Pour la douance comme pour l’autisme, il n’y a pas de traitement. Il faut juste connaître les signes, connaître ses limites. Il y a aussi des doués qui réussissent très bien. Si on est doué et passionné par les sciences, on va être génial dans ce domaine. C’est plus difficile dans le milieu artistique, d’autant plus que dans mon cas, je me pose beaucoup trop de questions. Je ne suis jamais contente, car ce n’est jamais parfait. Si j’ai une note de 98 %, je vais me triturer pour savoir quel est le 2 % d’erreur. Ça me fait perdre un temps fou, et j’ai beau me dire que ce n’est pas grave, je ne suis pas capable de me débarrasser de ces questions. Pour m’en sortir, il faut que je me change les idées, que je remplisse mon cerveau pour passer à autre chose. En écriture ou en création, il y a des journées où je suis tellement affectée par quelque chose que je sais que je ne pourrai pas travailler, et je prends une journée de congé.
La douance a-t-elle eu un impact sur tes relations sociales?
Je ne pense pas... Mes amis me connaissent, ils savent comment je peux réagir. La douance n’a jamais paru, personne ne l’a su, j’ai toujours été dans plein de groupes d’amis, j’ai toujours fait plein de choses.
Est-ce que tes parents ont été surpris lorsque tu leur as annoncé ta douance?
Pas du tout! La plupart des doués ont marché plus tôt, ont su lire et écrire avant de rentrer à l’école, et ont eu un apprentissage plus rapide dans la petite enfance. Je savais tout ça, mais je pensais que c’était parce que j’avais un grand frère. Je pensais que je l’avais fait par mimétisme. Ma mère m’a dit qu’elle savait qu’il y avait quelque chose. Elle m’a raconté que je regardais
la télé et qu’ensuite, j’allais m’asseoir au piano et je jouais le générique de la fin de l’émission à l’oreille. Dans ma tête, je pensais que tout le monde faisait ça, je ne me suis jamais pensée intelligente.

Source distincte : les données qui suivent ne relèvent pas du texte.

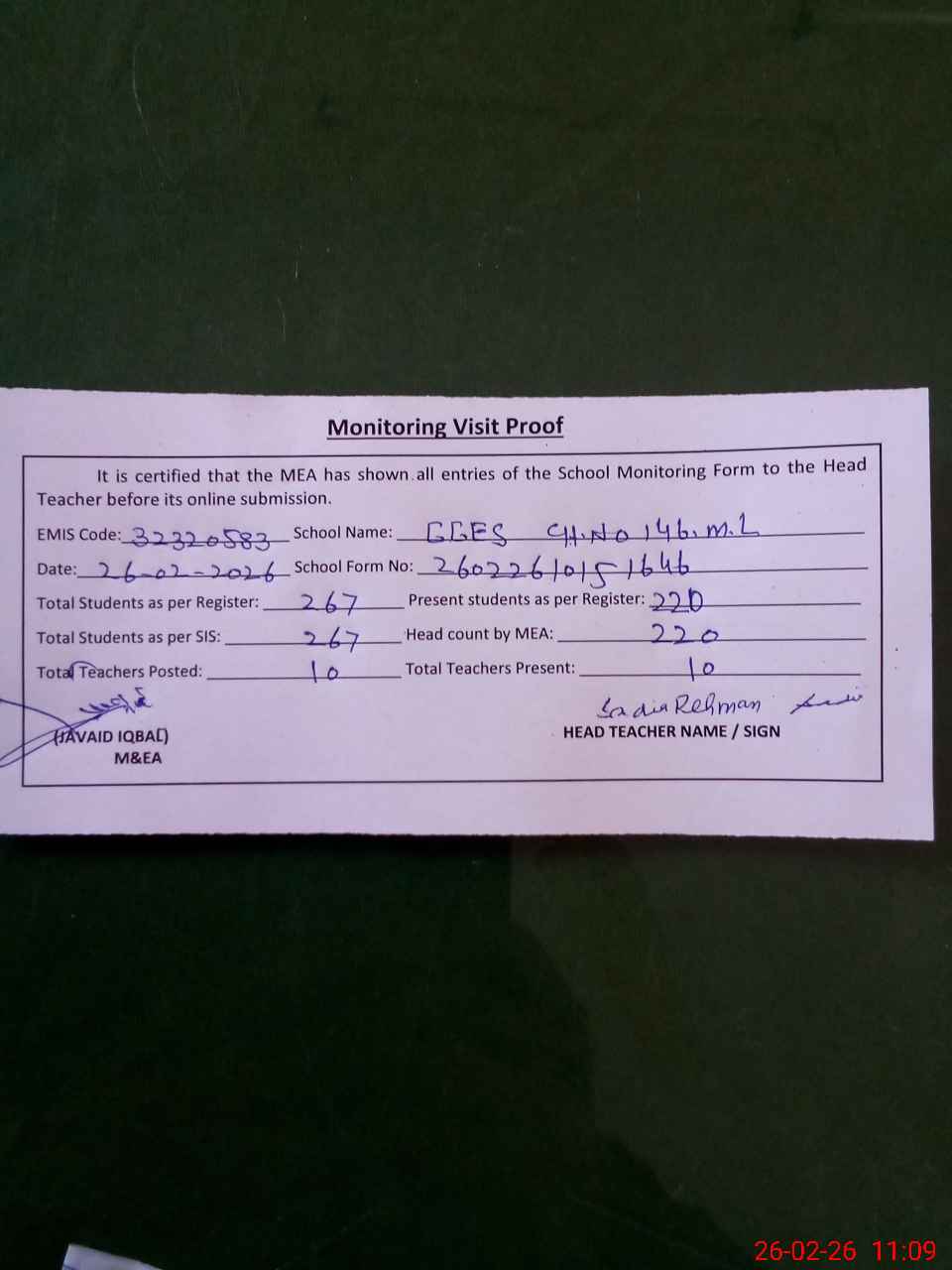| EMIS Code: 32320583 | Name of School: GGES CHAK NO. 146 ML | |||

La douance, est-ce vraiment de l’intelligence?
C’est une forme d’intelligence. La logique est très développée. Mes gros talents, c’est de placer des bagages dans une voiture, faire des casse-têtes, des choses logiques avec une solution. Les mathématiques, c’est ma forme d’intelligence. Mais, par exemple, l’intelligence émotive est complètement autre chose.
POUR MIEUX COMPRENDRE LA DOUANCE
Anaïs Favron a beaucoup appris sur la douance en écoutant le balado Différente ou douée?. «C’est une fille qui a fait ce projet pendant qu’elle découvrait qu’elle était en douance. J’ai tout écouté et, quand j’ai commencé à en parler, je me suis mise à aller prendre des cafés avec des gens que je ne connaissais pas, mais qui ont aussi une douance. Juste pour échanger, j’avais besoin d’en parler avec quelqu’un.» Elle recommande aussi le livre de Marianne Bélanger La douance: Comprendre le haut potentiel intellectuel et créatif ainsi que J’aime les zèbres, de Dominic Gagnon, dans lequel elle livre également son témoignage.
Anaïs Favron publiera, cet automne, l’ouvrage Les carnets de voyage d’Anaïs.